** Record excerpts **
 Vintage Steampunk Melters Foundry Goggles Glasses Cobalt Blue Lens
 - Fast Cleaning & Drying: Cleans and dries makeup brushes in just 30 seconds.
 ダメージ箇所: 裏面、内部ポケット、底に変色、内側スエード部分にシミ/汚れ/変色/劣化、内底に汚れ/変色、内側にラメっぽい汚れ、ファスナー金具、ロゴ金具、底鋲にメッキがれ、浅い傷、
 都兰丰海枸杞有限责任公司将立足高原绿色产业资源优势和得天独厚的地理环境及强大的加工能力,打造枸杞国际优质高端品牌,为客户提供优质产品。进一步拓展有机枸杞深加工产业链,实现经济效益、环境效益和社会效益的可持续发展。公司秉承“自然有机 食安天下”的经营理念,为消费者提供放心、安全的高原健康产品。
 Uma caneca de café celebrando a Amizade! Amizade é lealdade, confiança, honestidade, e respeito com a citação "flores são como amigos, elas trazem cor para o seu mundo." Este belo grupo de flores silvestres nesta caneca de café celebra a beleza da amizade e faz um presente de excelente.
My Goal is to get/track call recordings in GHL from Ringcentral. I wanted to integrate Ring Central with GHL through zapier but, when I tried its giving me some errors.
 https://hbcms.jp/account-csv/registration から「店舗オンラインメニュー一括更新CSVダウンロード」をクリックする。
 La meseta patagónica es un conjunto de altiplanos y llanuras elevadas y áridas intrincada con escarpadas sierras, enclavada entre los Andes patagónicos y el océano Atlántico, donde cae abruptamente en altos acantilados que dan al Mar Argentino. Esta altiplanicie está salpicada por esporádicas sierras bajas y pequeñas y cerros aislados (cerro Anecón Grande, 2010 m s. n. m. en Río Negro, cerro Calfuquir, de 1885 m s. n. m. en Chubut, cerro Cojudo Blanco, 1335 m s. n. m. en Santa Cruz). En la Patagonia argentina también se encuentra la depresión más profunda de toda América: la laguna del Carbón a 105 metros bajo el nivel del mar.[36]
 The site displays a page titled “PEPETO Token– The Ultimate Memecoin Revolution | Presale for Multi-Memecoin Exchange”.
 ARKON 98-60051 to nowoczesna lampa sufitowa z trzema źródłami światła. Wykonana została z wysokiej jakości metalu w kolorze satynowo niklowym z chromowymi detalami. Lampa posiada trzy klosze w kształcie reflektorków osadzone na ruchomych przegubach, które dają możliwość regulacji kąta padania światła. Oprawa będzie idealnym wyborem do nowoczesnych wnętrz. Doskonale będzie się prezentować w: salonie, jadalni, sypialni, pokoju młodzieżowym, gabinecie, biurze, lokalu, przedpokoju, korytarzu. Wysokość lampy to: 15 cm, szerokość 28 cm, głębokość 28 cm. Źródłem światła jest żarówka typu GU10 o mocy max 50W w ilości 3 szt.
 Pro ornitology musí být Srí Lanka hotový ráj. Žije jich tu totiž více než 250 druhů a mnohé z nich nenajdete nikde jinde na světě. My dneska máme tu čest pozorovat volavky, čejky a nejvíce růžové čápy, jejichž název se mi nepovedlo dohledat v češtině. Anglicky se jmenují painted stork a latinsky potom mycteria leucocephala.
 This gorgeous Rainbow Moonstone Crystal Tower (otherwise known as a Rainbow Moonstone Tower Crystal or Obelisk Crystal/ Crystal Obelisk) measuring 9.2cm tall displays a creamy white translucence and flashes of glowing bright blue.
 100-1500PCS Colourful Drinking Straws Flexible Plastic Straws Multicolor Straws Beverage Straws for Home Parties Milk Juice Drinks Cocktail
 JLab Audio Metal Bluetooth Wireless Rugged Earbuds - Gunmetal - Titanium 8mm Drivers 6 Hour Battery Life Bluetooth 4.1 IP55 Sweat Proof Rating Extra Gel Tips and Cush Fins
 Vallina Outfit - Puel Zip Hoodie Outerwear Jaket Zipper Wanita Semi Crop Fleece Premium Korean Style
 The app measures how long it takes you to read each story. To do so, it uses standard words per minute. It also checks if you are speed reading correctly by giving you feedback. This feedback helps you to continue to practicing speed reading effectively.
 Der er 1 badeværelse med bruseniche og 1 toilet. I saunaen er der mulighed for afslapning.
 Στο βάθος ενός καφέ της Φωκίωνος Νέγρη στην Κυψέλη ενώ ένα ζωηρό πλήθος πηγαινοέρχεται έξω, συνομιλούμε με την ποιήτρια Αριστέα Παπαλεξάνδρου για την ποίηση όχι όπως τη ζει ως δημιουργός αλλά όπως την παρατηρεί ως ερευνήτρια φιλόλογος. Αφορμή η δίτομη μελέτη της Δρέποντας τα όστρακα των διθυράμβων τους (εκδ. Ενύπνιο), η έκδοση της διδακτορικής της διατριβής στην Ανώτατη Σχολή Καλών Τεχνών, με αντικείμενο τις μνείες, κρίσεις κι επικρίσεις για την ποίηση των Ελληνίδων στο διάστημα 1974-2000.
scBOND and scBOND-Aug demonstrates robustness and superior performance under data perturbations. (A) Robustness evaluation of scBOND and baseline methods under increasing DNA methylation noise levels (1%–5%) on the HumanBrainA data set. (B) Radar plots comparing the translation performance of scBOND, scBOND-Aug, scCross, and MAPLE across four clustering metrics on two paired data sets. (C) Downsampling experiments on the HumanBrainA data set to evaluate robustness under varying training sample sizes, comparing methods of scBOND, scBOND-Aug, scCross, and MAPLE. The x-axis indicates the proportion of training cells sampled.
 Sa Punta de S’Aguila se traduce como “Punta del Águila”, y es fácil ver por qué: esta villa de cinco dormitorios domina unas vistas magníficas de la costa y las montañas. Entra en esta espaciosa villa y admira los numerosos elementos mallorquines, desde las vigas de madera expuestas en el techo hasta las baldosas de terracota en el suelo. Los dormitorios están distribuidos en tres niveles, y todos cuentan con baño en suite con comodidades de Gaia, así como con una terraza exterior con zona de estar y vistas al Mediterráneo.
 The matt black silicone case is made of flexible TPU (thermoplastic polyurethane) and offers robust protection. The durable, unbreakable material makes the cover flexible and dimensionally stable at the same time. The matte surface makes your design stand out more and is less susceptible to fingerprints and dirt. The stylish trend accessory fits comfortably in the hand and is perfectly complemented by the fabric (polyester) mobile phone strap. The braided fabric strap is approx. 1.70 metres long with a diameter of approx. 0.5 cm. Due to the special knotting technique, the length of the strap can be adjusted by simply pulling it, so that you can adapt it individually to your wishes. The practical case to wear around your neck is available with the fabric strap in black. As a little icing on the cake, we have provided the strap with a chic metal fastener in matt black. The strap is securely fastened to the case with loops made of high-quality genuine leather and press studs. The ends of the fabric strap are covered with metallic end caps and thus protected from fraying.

** What to work on **
The line with "ダメージ箇所: 裏面、内部ポ" is the last to include; transcribe exactly every line from the top of the material above down to it.

** Solution for this exercise **
 Vintage Steampunk Melters Foundry Goggles Glasses Cobalt Blue Lens
 - Fast Cleaning & Drying: Cleans and dries makeup brushes in just 30 seconds.
 ダメージ箇所: 裏面、内部ポケット、底に変色、内側スエード部分にシミ/汚れ/変色/劣化、内底に汚れ/変色、内側にラメっぽい汚れ、ファスナー金具、ロゴ金具、底鋲にメッキがれ、浅い傷、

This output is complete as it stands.